“In the evening, after dinner: ‘I fought my way in. His name was Banier—Banier—Banier. The sword was lying on a table by a written scheme of defence. Oh, my head! Banier had a plan written out for defence of the fortress. It was lying on the table, and his sword was by it.... Look! I have tried to tell you what you can verify.’”

Mr. Wedgwood reports his verification as follows:—

“When I came to verify the messages of Planchette, I speedily found that Col. Gurwood, the editor of the duke’s dispatches, led the forlorn hope at the storming of Ciudad Rodrigo in 1812 (note Planchette’s error in date), and received a wound in his skull from a musket-ball, ‘which affected him for the remainder of his life,’ (Annual Register, 1845). In recognition of the bravery shown on that occasion, he received a grant of arms in 1812, registered in the College of Arms as having been passed ‘upon the narrative that he (Capt. G.) had led the forlorn hope at Ciudad Rodrigo, and that after the storming of the fortress the Duke of Wellington presented him with the sword of the governor who had been taken prisoner by Capt. Gurwood.’”

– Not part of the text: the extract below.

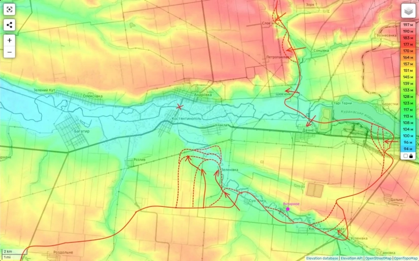 "Наши части южнее Купянска похоже пытаются создать еще один плацдарм. В районе населённого пункта Синьково. Если удастся, это будет здорово", - сообщил Подоляка.

The services thus specified were symbolized in the crest, described in the “Book of Family Crests”: “Out of a mural coronet, a castle ruined in the centre, and therefrom an arm in armor embowed, holding a cimeter.”

It was evidently this crest that Planchette was trying to sketch. The Annual Register of 1845 also confirms Planchette’s assertion that Col. Gurwood killed himself on Christmas Day of that year, and adds: “It is thought that this laborious undertaking (editing the dispatches) produced a relaxation of the nervous system and consequent depression of spirits. In a fit of despondency the unfortunate gentleman terminated his life.” Compare Planchette: “Pen was too much for me after the wound.”

Here are described four instances of automatic writing by means of Planchette. Two of these cases were reported to Mr. Myers, who has thoroughly canvassed them as regards their authenticity, as well as the ability and good faith of the persons concerned, both in the writing and reporting; and he has made use of them in his own able argument upon the same subject.

In the other cases the messages were written under my own observation, my own hands also being upon the board. In the case of Mr. and Mrs. Newnham the intelligence which furnished the messages disclaimed altogether the aid of any spirit except “wife’s spirit,” which did “unconsciously guide.” In the case reported by Mr. Wedgwood and Mrs. R., the intelligence distinctly claimed to be from Col. John Gurwood, who had died nearly fifty years before. In my own cases, in that written with the co-operation of my friend’s school-girl daughter, the intelligence claimed to be that of Peter Stuyvesant, while in those written with Miss V., various names were given, none of which was recognized as belonging to a person of whom we had ever had any knowledge, and all bore abundant evidence of being fictitious. One, indeed, professed to be “Beecher,” and declined to give an opinion on the prospective trotting qualities of a colt, on the ground that he was “no horseman”; and in our later experiments, when closely questioned, it distinctly stated that the intelligence came from the mind of Miss V. herself.

Let us analyze these messages a little further. Those written by Mr. and Mrs. Newnham were remarkable, not only because Mrs. Newnham was writing without any conscious knowledge of what was being written, but neither had she any conscious knowledge of the questions to which she was writing the answers. Evidently, then, her own ordinary consciousness was not acting at all in the matter regarding either the questions or answers, for she was fully awake, in her normal condition, and perfectly competent to judge of her own mental state and actions. Nevertheless, there was some intelligence acting reasonably and consciously, and making use of her hand to register its thoughts.

In a former chapter I have described and illustrated a somewhat unusual mental phenomenon, to which the name thought-transference, or telepathy, has been given; and in another I have endeavored to demonstrate the existence of a secondary or subliminal self or personality.

If I mistake not, it is here, in these two comparatively little known and, until recently, little studied, psychical conditions, that we shall find the key to message-bearing automatism, as well as other manifestations of intelligence which have heretofore been considered mysterious and occult. Applying this key to the Newnham Planchette-writing, the secondary personality or subliminal self of Mrs. Newnham took immediate cognizance of the questions silently and secretly written out by her husband, although they were utterly unknown to her ordinary or primary self, and made use of her hands to communicate the answer.